On Sun, Oct 18, 2020 at 11:57 PM Dan Sneddon <dsneddon at redhat.com> wrote:

> Steve, Lars,
>
> I just wanted to throw an idea out there:
>
> Redfish requires user accounts. Is there a way to stretch this idea into a
> more general Redfish proxy? Ironic would have to create a temporary user
> account for Redfish in the BMC, and then provide the tenant an IP:port of a
> TCP proxy for the tenant to connect to.
>
> The TCP proxy would be deactivated when the node was deleted. When the
> node was cleaned, the user account would be removed. When nodes were
> scheduled, the Ironic-generated user accounts would be removed and
> recreated as needed based on the scheduling request. Ironic settings could
> be provided to control the access rights/group of the user accounts.
>
> A variant of this would create and manage the user account, but not
> provide a TCP proxy. Instead, perhaps the BMC location could be returned.
> This would not meet the criteria of not providing direct access to the
> hardware.

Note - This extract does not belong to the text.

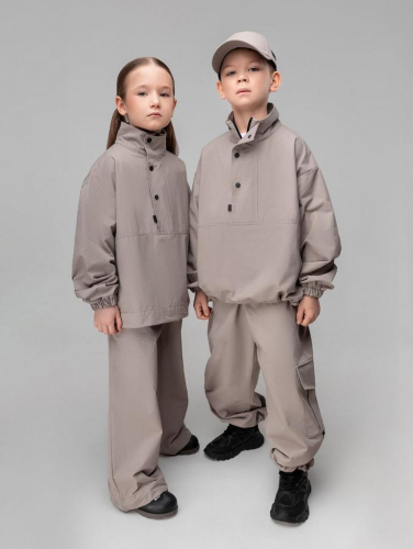 Артикул 32-88MU Состав 60% хлопок 40% полиэстер Материал курточная ткань Костюм: анорак и брюки. Свободная куртка без подклада на молнии с планкой на кнопках. Рукава с манжетой на резинке. По низу куртки имеется утяжка. Свободные, прямые брюки на поясе с внутренней резинкой. Брюки с двумя видами карман, боковые карманы и накладной карман по левому боковому шву закрытый клапаном, по низу брюк имеется дополнительная резинка с фиксатором для затяжки. Материал верха: курточная ткань 60% хлопок, 40% нейлон, плотность 155 г/кв.м.

We would have to remove accounts from the BMC when the node was
> deleted or require cleaning, but it could still potentially be less secure.
>
> A downside of the role-based user scheduling approach is that Ironic then
> requires credentials for the BMC that include user account management,
> which could run counter to security policy.
>
> On Sun, Oct 18, 2020 at 6:08 PM Steve Baker <sbaker at redhat.com> wrote:
>
>>
>>
>> On 17/10/20 7:29 am, Lars Kellogg-Stedman wrote:
>>
>> > In the work that we're doing with the Mass Open Cloud [1], we're
>>
>> > looking at using Ironic (and the multi-tenant support we contributed)
>>
>> > to manage access to a shared pool of hardware while still permitting
>>
>> > people to use their own provisioning tools.
>>
>> >
>>
>> > We don't want to expose the hardware BMC directly to consumers; we
>>
>> > want Ironic to act as the access control mechanism for all activities
>>
>> > involving the hardware.
>>
>> >
>>
>> > The missing part of this scenario is that at the moment this would
>>
>> > require provisioning tools to know how to talk to the Ironic API if
>>
>> > they want to perform BMC actions on the host, such as controlling
>>
>> > power.
>>
>> >
>>
>> > While talking with Mainn the other day, it occurred to me that maybe
>>
>> > we could teach virtualbmc [2] how to talk to Ironic, so that we could
>>
>> > provide a virtual IPMI interface to provisioning tools. There are some
>>
>> > obvious questions here around credentials (I think we'd probably
>>
>> > generate them randomly when assigning control of a piece of hardware
>>
>> > to someone, but that's more of an implementation detail).
>>
>> >
>>
>> > I wanted to sanity check this idea: does this seem reasonable? Are
>>
>> > there alternatives  you would suggest?
>>
>>
>>
>> As far as I'm aware, an IPMI host:port endpoint will manage exactly one
>>
>> baremetal host, with no obvious mechanism to specify which host to
>>
>> control when you have multiple hosts behind a single endpoint. These
>>
>> days with the rise of Redfish I think IPMI is considered a legacy
>>
>> interface now.
>>
>>
>>
>> I suspect a BMC interface is not the right abstraction for a
>>
>> multi-tenant baremetal API, that's why Ironic was started in the first
>>
>> place ;)
>>
>>
>>
>> If there are provisioning tools frequently used by the target audience
>>
>> of Mass Open Cloud which have poor Ironic API support then we'd like to
>>
>> know what those tools are so we can improve that support.
>>
>>
>>
>>
>>
>> > Thanks!
>>
>> >
>>
>> > [1] https://github.com/CCI-MOC/esi
>>
>> > [2] https://github.com/openstack/virtualbmc
>>
>> >
>>
>>
>>
>>
>>
>> --
> Dan Sneddon         |  Senior Principal Software Engineer
> dsneddon at redhat.com |  redhat.com/cloud
> dsneddon:irc        |  @dxs:twitter
>


Lars,
Please forgive my ignorance if I did not understand your question. Why not
just use Nova with the ironic driver? Nova won't tell a user about the
abstraction to metal and it's pretty easy to get setup and running with
Ironic. This way users can request a metal type that is predefined and the
rest is handled for them. This way you can keep consumers and admins
separate and provide that multi-tenant functionality without exposing any
critical details of the underlying infra.

-- 
~/DonnyD
C: 805 814 6800
"No mission too difficult. No sacrifice too great. Duty First"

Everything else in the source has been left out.